Jesienny:
Zaloguj się lub Zarejestruj by otrzymać pełen dostęp do naszego forum.
Posted 22 October 2017 - 09:32
Kolejny nocny. Ilościowo dobrze ale rozmiarowo nie bardzo. Czekam na te większe. Są tam!
20171021_214302.jpg 29.86KB 41 downloads
Edited by marienty, 22 October 2017 - 09:33.
Posted 22 October 2017 - 13:51
Kolego Marienty, gratulacje. Z ciekawości: gdzie go znalazłeś ( w sensie - w jakiego typu miejscówce)?

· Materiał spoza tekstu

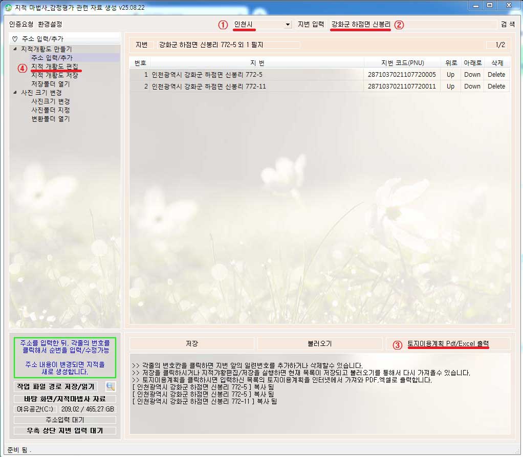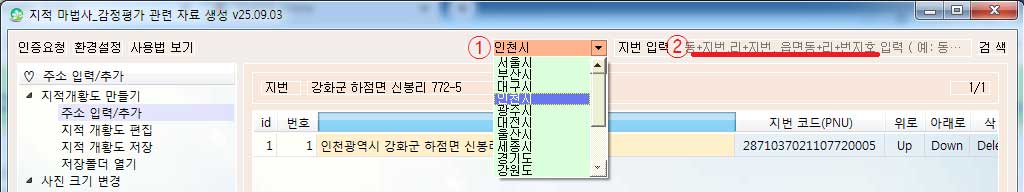 같은 읍면동리의 지번을 추가 할때는 지번 숫자만 입력합니다. ( 예 : 772-11 )

Posted 22 October 2017 - 18:59
Kolego Marienty, gratulacje. Z ciekawości: gdzie go znalazłeś ( w sensie - w jakiego typu miejscówce)?
Dzięki!
Wg moich obserwacji klenie zajmują cały czas miejsca typowo letnie. Nie ma się co dziwić bo woda ma cały czas koło 13 st.C. Kleń w nocy zajmuje te same rewiry co w dzień tyle, że wtedy łatwiej go podejść (nie trzeba skradać się jak kot). Podchodzi też bliżej brzegu. Jeśli za dnia widzisz klenie ale nie możesz skusić ich żadnymi przynętami to przyjdź po nie w nocy. Pamiętaj tylko, by nie tupać.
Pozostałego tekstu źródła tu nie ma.